Deer were abundant in the surrounding Douglas fir forest.

It is a beautiful place, popular with visitors to Deception Pass State Park, who come, stroll the beach, walk cool rain forest trails, or simply sit on the shore and absorb the quiet beauty.

Little do the visitors realize what happened here long ago, unless they stumble upon a weathered story pole in the nearby forest, the statue of an Indian maiden standing at the edge of the sea. The pole is curiously two-sided. One side shows a clean, beautiful maiden. The other shows a very different image. According to legend, this is what happened:

This 23-foot-high story pole was carved from redcedar by Tracy W. Powell of Anacortes. The pole was a joint project of the Samish Tribe and the Skagit County Centennial Commission. It was dedicated in a colorful, spirit-filled ceremony September 24, 1983

Ko-kwal-alwoot, a beautiful Samish Indian girl lived in a village at this site. Her raven-black hair shinned like obsidian, and reached below her waist.

She was gathering seafood one day, near where visitors sit on the shore, when a young man from beneath the sea saw her. He was very handsome, and his skin shone like silver. His eyes were large and luminous. He immediately fell in love with the young woman.
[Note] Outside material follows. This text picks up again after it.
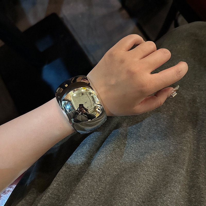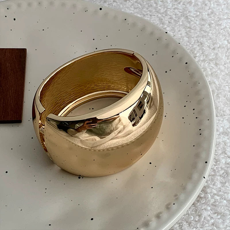 Niche High-End Wide Version Metal Curved Glossy Bracelet 2024 New High-End Light Luxury Open Bracelet Trend

But when this man of the sea asked her father for her hand in marriage, he refused, for fear she would try to follow her suitor, and drown.

The young man warned Ko-kwal-alwoot's father that he held great power, and that the seafood would disappear unless permission was granted for his daughter to marry.

Her father was a chief, and not disposed to succumb to threats, especially from a fish. He refused.

Sure enough, clams, crabs and the succulent goose tongue that grew on the rocky shore, became scarce. The nearby sweet spring water dried up, and no longer trickled down the beach.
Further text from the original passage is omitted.